(Source material)
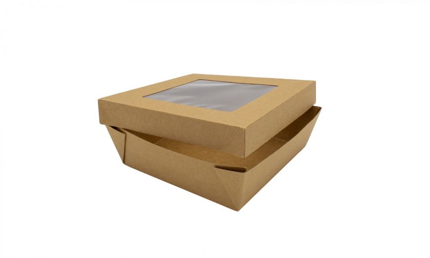 "Linea contenitori finestrati" è la linea di contenitori realizzati in carta kraft avana  accoppiata con PE idonei per l’asporto di alimenti. Grazie all’alta qualità delle nostre materie prime tale prodotto è impermeabile sia da acqua che da oli di qualsiasi genere. Il prodotto ha la particolarità di avere una finestra in PE nel coperchio che permette di vedere il suo interno. Misura 143x143h50 mm e rispetta tutti gli standards previsti in materia di food contact.
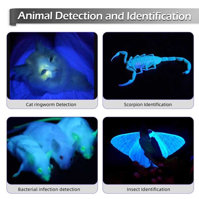 - Multitask application in profession: such as detecting counterfeit documents, money verification, forensic science, gasoline inspection, amber and jewelry detection, body fluid detection and fluorescence, attracting certain breeds of fish or hunting scorpions and tracking other creatures.
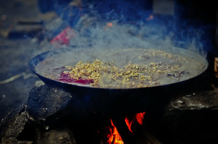 Giống như các tỉnh vùng cao như Điện Biên, Lai Châu, Cao Bằng thì xôi ngũ sắc cũng là món ăn quen thuộc của người dân Hà Giang. Xôi được nấu từ gạo nếp nương, thấm thứ màu sắc được tạo từ các loại cây, lá. Xôi khi chín có năm màu đẹp mắt, thơm bùi hương gạo nếp, ăn vào dẻo ngon.
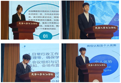 在竞聘过程中,各位学生按照抽签顺序依次进行竞聘演讲,他们围绕工作经历、竞争优势及未来展望等多个方面展开。他们用热情与执着充分展现了对学生组织的热爱和留恋,他们在言语中流露出部门间合作交流的重要性,主张培养部员个性化发展,根据部员擅长的工作和领域合理分配任务,增强积极性和主动性,充分发挥部员能动性,并汲取部员的创新性意见,满足学生发展需求。
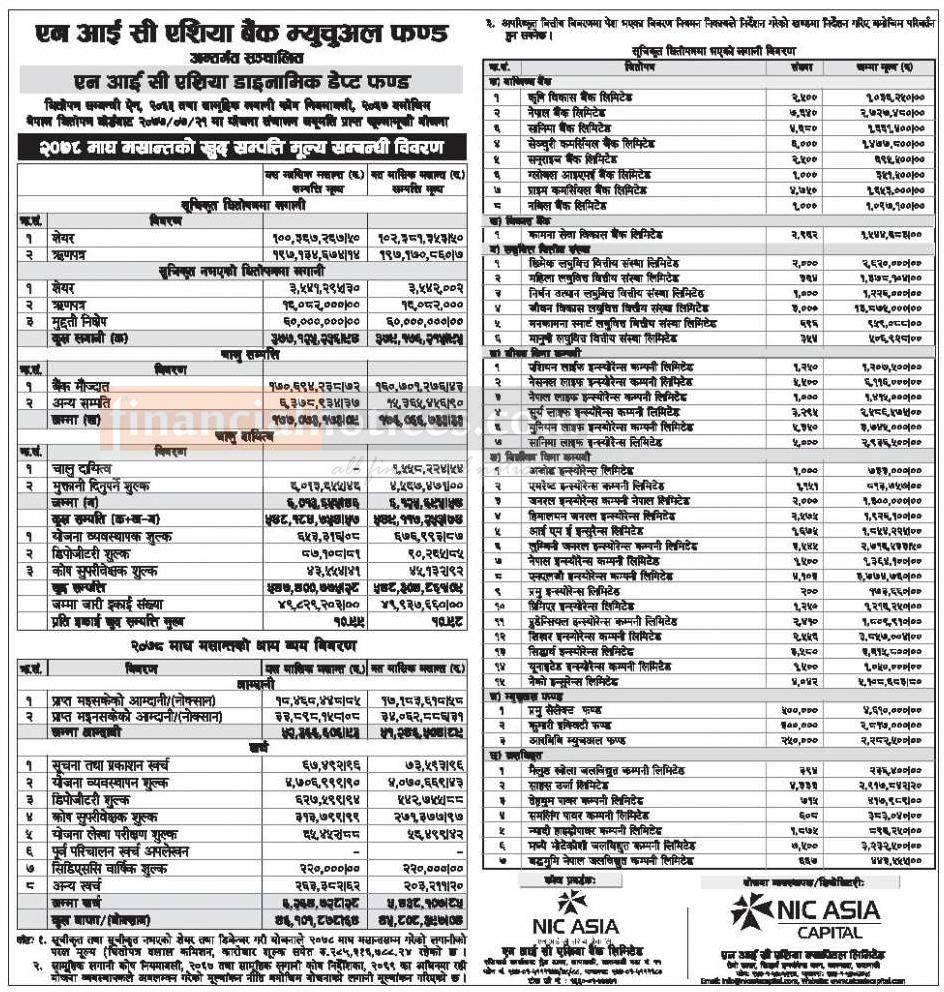 NIC Asia Capital has published 'NIC Asia Dynamic Debt Fund' NAV up to Magh, 2078.

(To do) Word for word, output the lines from the line bearing "在竞聘过程中,各位学生按照抽" through the end of the records above, and only those, without the pictures.

(Answer for the task)
 在竞聘过程中,各位学生按照抽签顺序依次进行竞聘演讲,他们围绕工作经历、竞争优势及未来展望等多个方面展开。他们用热情与执着充分展现了对学生组织的热爱和留恋,他们在言语中流露出部门间合作交流的重要性,主张培养部员个性化发展,根据部员擅长的工作和领域合理分配任务,增强积极性和主动性,充分发挥部员能动性,并汲取部员的创新性意见,满足学生发展需求。
 NIC Asia Capital has published 'NIC Asia Dynamic Debt Fund' NAV up to Magh, 2078.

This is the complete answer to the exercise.